Brigitte Foulon adds a study of three further poems in praise of the Prophet written by Ibn al-Khaṭīb during his stay in Morocco (Les poèmes d’éloge du Prophète de Lisān al-Dīn Ibn al-Khāṭīb). She recalls that, after the life of the Prophet, eulogies were rather addressed to members of his Family by poets of Shīʿite tendency. It was not until the sixth/twelfth centuries, particularly in Andalusia, that poems in praise of the Prophet came to be written again. In the following century, the Burda of Būṣīrī (d. around 695/1296) marked the blossoming of this literary genre. Its links to the commemoration of the mawlid gave rise to a derivative branch of its own, the mawlidiyyāt, in which Ibn al-Khaṭīb also distinguished himself, like many poets of his time in Andalusia and Morocco. In the Marinid kingdom, these manifestations of the veneration of the Prophet went along with the growing importance of his descendants, the ashrāf or shurafāʾ in the social and political sphere.
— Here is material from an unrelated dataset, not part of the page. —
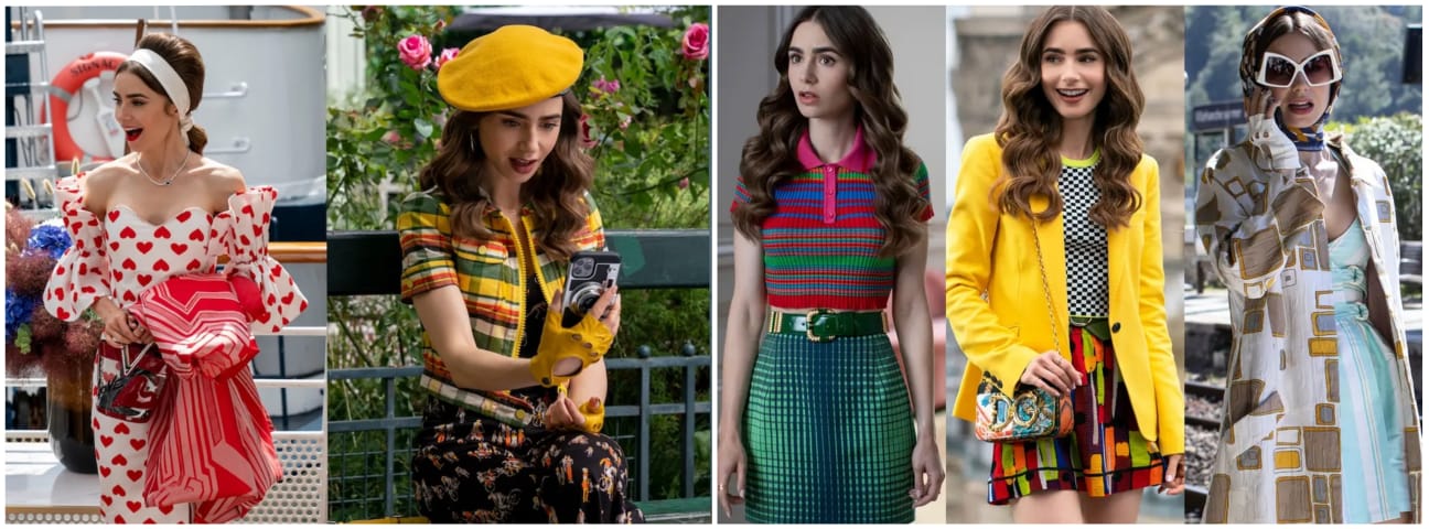 Ketimpangan ini kian mencolok saat kita membedah gaya berpakaiannya. Di tengah kerumunan warga lokal yang setia pada prinsip Parisian Chic yang cenderung praktis, low-key, dan didominasi palet warna bumi yang tenang, Emily justru hadir dengan estetika tabrak warna yang sangat berani. Pilihan outfit-nya yang serba ekstra itu diametral dengan pakem understated yang selama ini menjadi identitas mode di kota tersebut.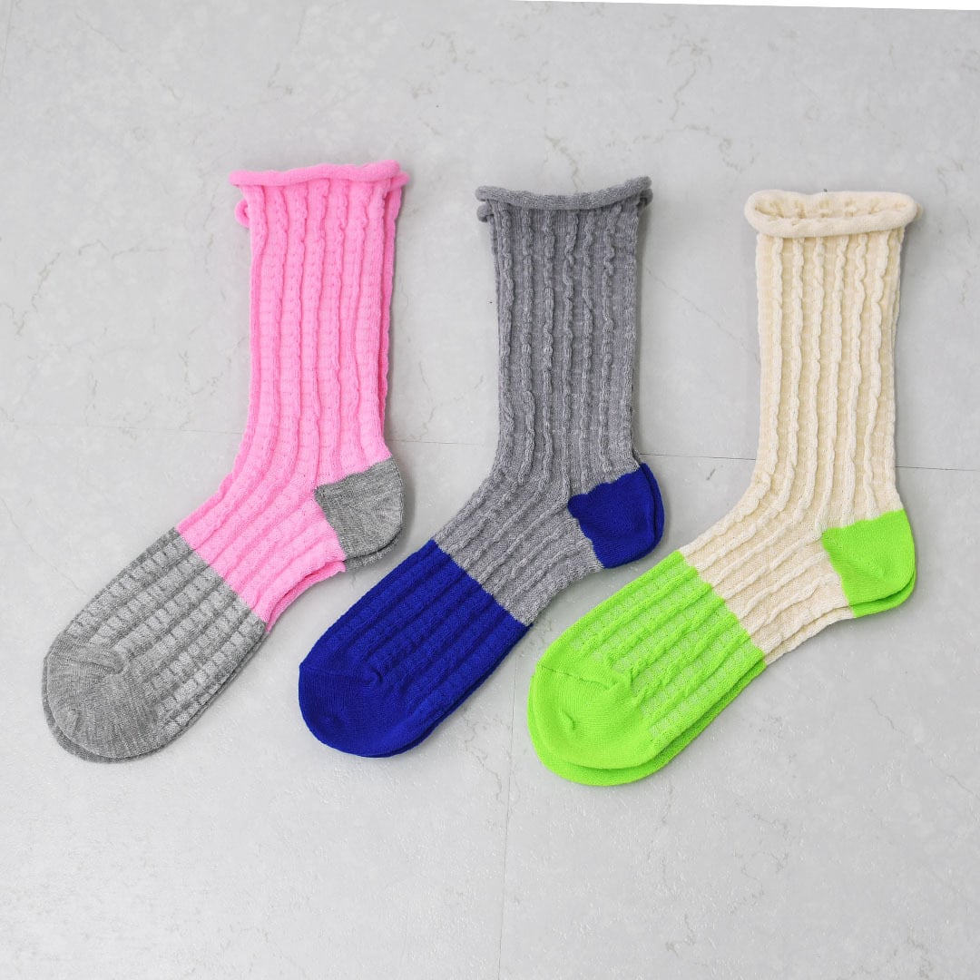 足元にさりげないアクセントをプラスしてくれる、バイカラーデザインのソックス。

In these poems the whole art of the panegyrist consists in reorienting the themes of the classic qaṣīda towards the thwarted but sublimated desire to meet the Prophet, finally culminating in his praise and in a plea for his help.
The literature of the stories of the night journey and the celestial ascension of the Prophet, inspired by allusions in the Qurʾān and by the longer narratives attested in ḥadīth and sīra, constitutes one of the most eloquent testimonies to the cross-cultural veneration of the Prophet.10 Marc Toutant demonstrates this in his article on the miʿrāj in Timurid court literature (Timurid Accounts of Ascension (miʿrāj) in Türkī. One Prophet, Two Models). The choice of Eastern Turkish, and of the Uyghur alphabet in the case of the first text, illustrates the importance attached by the Timurids to their Genghisid origins. The first text, which is abundantly illustrated, closely renders the traditional story with its first-person narrative, and ends with a vivid description of Paradise and Hell, with obvious moral intentions that tie in with the political program of Shāhrūkh (1405–1447). The five miʿrājiyya poems of Mīr ʿAlī Shīr Nawāʾī (1441–1501), court poet and chief adviser of the next Timurid ruler Ḥusayn Bayqara (1469–1501) in Herat, pursue an entirely different line. Inspired by the major Persian poets Sanāʾī (d. 1131) and Niẓāmī Ganjawī (d. early seventh/thirteenth century), the author describes the miʿrāj as a mystical journey of love (safar-i ʿishq) through the cosmos with its heavens and planets, leading to the vision of God and ending in a “non-place” beyond existence, where all duality has vanished. The dissemination of these two different, but by no means contradictory, types of narrative went far beyond the Timurid court, and both seem to have met the expectations of much wider audiences.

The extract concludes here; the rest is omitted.